4. Concesión y represión

Si bien lo esencial del proyecto se explica dentro de una suerte de consenso institucional, el curso de las acciones y decisiones gubernamentales tiene que verse en relación con la dinámica generada por las propias medidas iniciales del gobierno y las respuestas de los actores sociales. El caso de la reforma agraria puede ser ilustrativo10. La ley no respondió a una presión del movimiento campesino, que más bien estaba en un periodo de reflujo; pero una vez dada —y creada entonces por el gobierno la factibilidad de expropiar la tierra— empieza la movilización, que luego desborda los marcos trazados por el plan gubernamental, que tiene que ser modificado para prever formas de encuadramiento que no estaban en los contenidos del diseño inicial de la reforma agraria. Esta dinámica hizo que Hobsbawm señalara, ya en 1971, que los militares peruanos lograban lo opuesto a lo que buscaban (Hobsbawm, 1971).

No hay que buscar entonces los términos del proyecto político en un diseño original realizado antes del 3 de octubre de 1968 o al comienzo del régimen11. Lo que hubo antes de 1968 fue una metodología para manejar el conflicto social que se trazó en el periodo 1962-1963, durante el «primer golpe institucional» que fue el breve gobierno militar que abrió paso al régimen reformista civil de Belaunde. En ese momento los militares ejecutaron una reforma agraria localizada en el valle de La Convención, Cusco, usando una combinación de reforma social con represión selectiva, que posteriormente también resultó característica de la acción del gobierno de Velasco.

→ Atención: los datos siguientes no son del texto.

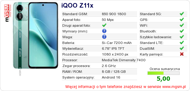 Dane telefonu iQOO Z11x na Twojej stronie
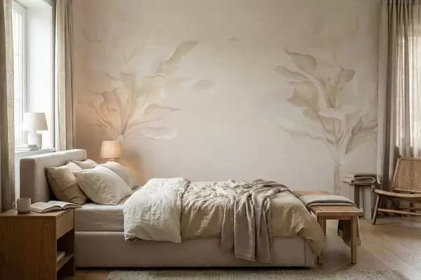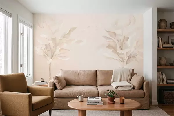 Τοιχογραφίες Αέρινα διακοσμητικά φυτά σε ζεστούς κρεμώδεις τόνους Nr. w05126
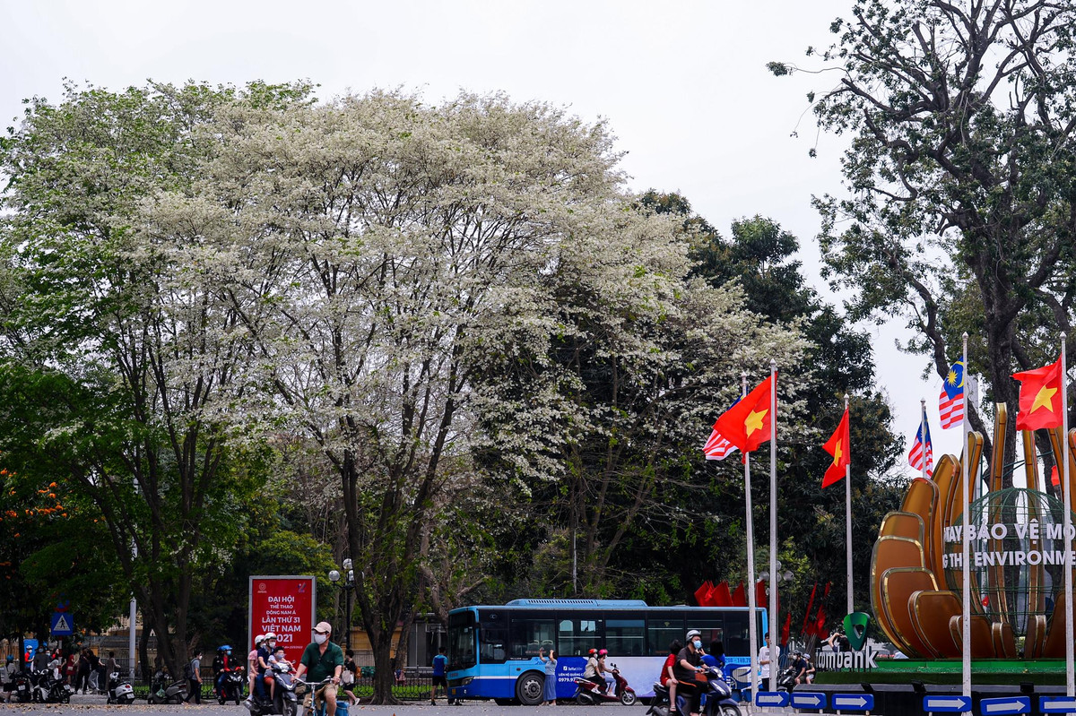 Những cây hoa sưa đang độ nở rộ trên đường Thanh Niên trắng như bông.
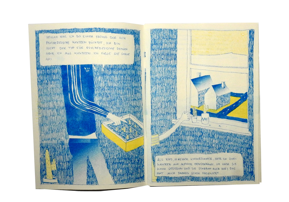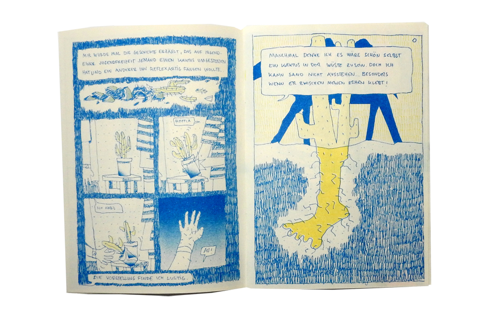 Projekt mit Anton Ohlow. Wendecover! Zwei Geschichten zum Thema Kaktus in der Mitte treffen sich die Geschichten.

Como hemos apuntado, el proyecto militar no solo intentó erigirse por encima de los objetivos de los intereses y actores en conflicto, sino que fue impuesto de manera coactiva; así, el consenso era solo un elemento que debe rubricar su acción, pero que no la genera. Por no representar concretamente las expectativas de ninguna clase, el proyecto compitió con todos los demás actores políticos y el gobierno militar debió reprimirlos a todos periódicamente. Sin embargo, en un momento dado los militares percibieron la dinámica que sus propias reformas desataban y comprendieron que para responder a la movilización no bastaba reprimir. En consecuencia, hacia 1971 surgió un esquema de encuadramiento —cuya institucionalización posterior fue el sinamos— que incluía dos aspectos: (i) el juego de mecanismos de concesión y represión, y (ii) la implantación de estructuras de cooptación para suplantar a las organizaciones sociales existentes.